# Exercise data:

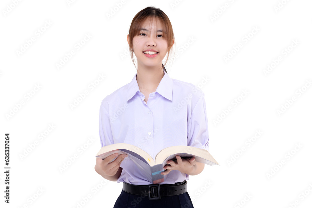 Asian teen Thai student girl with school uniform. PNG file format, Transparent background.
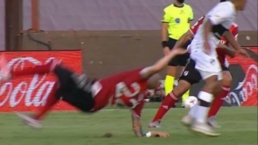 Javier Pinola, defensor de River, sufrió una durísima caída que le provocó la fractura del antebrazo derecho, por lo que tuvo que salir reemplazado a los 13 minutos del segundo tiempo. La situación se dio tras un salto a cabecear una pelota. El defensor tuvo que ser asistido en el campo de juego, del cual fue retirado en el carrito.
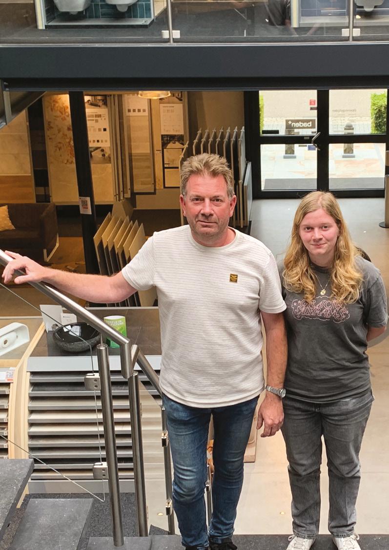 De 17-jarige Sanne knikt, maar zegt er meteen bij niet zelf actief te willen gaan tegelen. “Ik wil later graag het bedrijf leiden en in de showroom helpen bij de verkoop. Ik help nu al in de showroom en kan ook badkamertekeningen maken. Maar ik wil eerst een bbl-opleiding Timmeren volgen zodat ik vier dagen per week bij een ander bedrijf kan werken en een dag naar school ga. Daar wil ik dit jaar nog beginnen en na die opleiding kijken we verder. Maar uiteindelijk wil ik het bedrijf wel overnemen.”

# Work to complete:
The output should be the lines from the one with "Javier Pinola, defensor" through the end of the material above, both ends included, printed exactly and nothing else. Drop the pictures.

# Task solution:
 Javier Pinola, defensor de River, sufrió una durísima caída que le provocó la fractura del antebrazo derecho, por lo que tuvo que salir reemplazado a los 13 minutos del segundo tiempo. La situación se dio tras un salto a cabecear una pelota. El defensor tuvo que ser asistido en el campo de juego, del cual fue retirado en el carrito.
 De 17-jarige Sanne knikt, maar zegt er meteen bij niet zelf actief te willen gaan tegelen. “Ik wil later graag het bedrijf leiden en in de showroom helpen bij de verkoop. Ik help nu al in de showroom en kan ook badkamertekeningen maken. Maar ik wil eerst een bbl-opleiding Timmeren volgen zodat ik vier dagen per week bij een ander bedrijf kan werken en een dag naar school ga. Daar wil ik dit jaar nog beginnen en na die opleiding kijken we verder. Maar uiteindelijk wil ik het bedrijf wel overnemen.”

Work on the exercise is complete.